__WHAT THE TASK REQUIRES__. No picture belongs in the answer, which must hold exactly the lines from the one with "Drukwerk van de" through the final line below.

(Extracted records)
______________________________

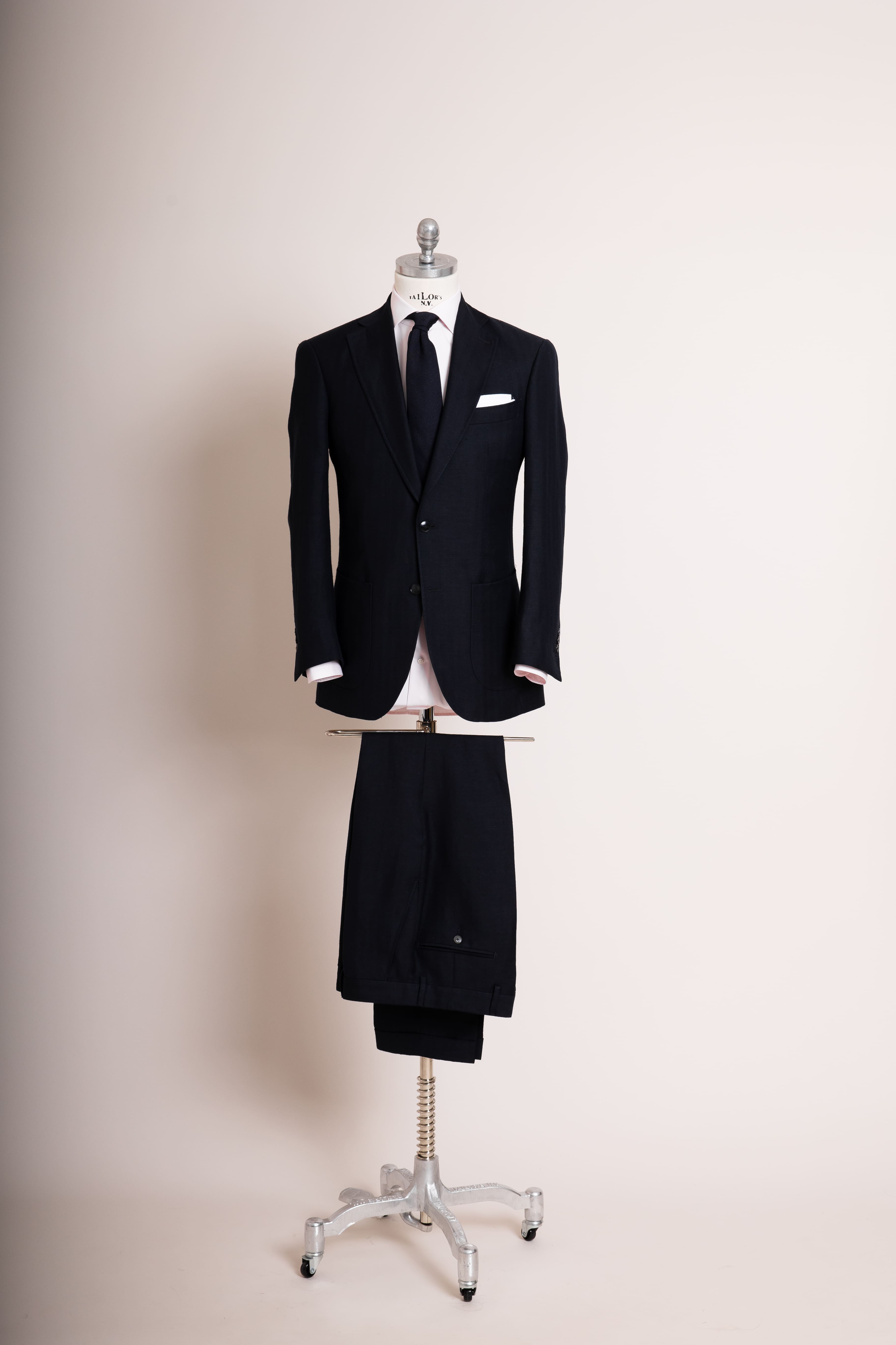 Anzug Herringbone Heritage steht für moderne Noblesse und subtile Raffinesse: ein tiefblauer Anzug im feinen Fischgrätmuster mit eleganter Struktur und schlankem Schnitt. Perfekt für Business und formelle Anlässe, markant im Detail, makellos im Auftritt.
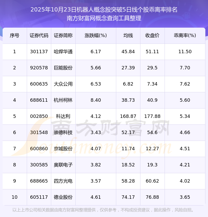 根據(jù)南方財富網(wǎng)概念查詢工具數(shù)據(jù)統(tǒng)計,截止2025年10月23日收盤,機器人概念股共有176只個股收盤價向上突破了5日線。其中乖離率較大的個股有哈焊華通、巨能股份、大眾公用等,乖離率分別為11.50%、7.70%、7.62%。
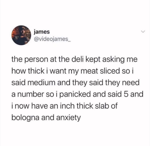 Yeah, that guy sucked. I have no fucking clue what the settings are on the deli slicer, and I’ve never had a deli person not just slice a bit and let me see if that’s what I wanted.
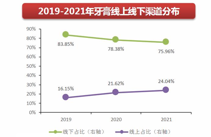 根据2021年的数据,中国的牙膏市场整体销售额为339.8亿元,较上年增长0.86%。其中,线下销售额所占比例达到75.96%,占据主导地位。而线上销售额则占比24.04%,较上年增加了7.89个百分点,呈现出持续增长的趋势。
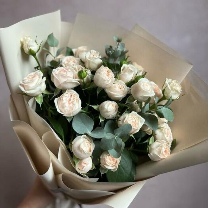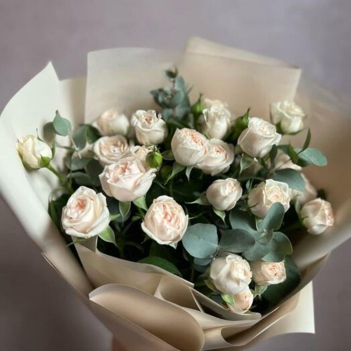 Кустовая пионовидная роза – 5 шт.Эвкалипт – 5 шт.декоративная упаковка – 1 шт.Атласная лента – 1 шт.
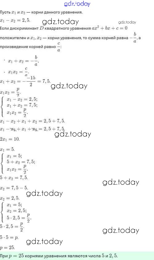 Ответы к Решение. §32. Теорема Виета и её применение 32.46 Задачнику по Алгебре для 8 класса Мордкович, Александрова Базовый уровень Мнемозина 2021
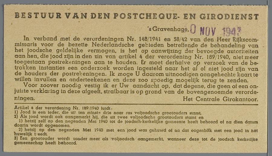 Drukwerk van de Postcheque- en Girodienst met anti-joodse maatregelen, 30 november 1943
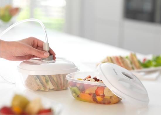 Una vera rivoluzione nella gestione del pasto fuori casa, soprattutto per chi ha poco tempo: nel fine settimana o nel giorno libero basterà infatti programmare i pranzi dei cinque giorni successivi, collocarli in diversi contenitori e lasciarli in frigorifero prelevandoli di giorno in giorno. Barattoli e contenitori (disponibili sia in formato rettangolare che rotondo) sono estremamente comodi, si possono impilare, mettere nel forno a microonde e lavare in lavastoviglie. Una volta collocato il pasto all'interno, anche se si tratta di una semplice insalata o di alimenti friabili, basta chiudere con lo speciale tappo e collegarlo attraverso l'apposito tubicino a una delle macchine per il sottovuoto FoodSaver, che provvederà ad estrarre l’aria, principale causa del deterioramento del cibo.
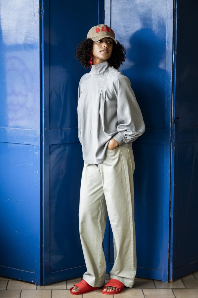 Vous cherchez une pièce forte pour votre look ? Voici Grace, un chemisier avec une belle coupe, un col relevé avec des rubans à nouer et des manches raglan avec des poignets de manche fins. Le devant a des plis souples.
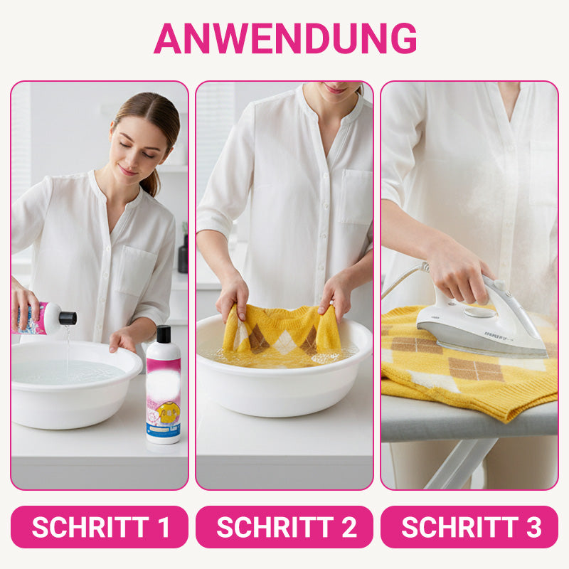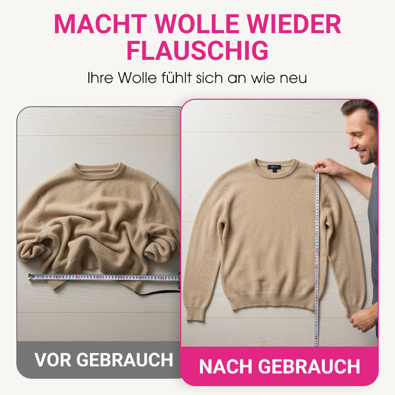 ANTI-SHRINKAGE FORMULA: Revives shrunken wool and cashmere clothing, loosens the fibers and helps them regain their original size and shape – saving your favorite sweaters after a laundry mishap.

______________________________

__SOLUTION__.
 Drukwerk van de Postcheque- en Girodienst met anti-joodse maatregelen, 30 november 1943
 Una vera rivoluzione nella gestione del pasto fuori casa, soprattutto per chi ha poco tempo: nel fine settimana o nel giorno libero basterà infatti programmare i pranzi dei cinque giorni successivi, collocarli in diversi contenitori e lasciarli in frigorifero prelevandoli di giorno in giorno. Barattoli e contenitori (disponibili sia in formato rettangolare che rotondo) sono estremamente comodi, si possono impilare, mettere nel forno a microonde e lavare in lavastoviglie. Una volta collocato il pasto all'interno, anche se si tratta di una semplice insalata o di alimenti friabili, basta chiudere con lo speciale tappo e collegarlo attraverso l'apposito tubicino a una delle macchine per il sottovuoto FoodSaver, che provvederà ad estrarre l’aria, principale causa del deterioramento del cibo.
 Vous cherchez une pièce forte pour votre look ? Voici Grace, un chemisier avec une belle coupe, un col relevé avec des rubans à nouer et des manches raglan avec des poignets de manche fins. Le devant a des plis souples.
 ANTI-SHRINKAGE FORMULA: Revives shrunken wool and cashmere clothing, loosens the fibers and helps them regain their original size and shape – saving your favorite sweaters after a laundry mishap.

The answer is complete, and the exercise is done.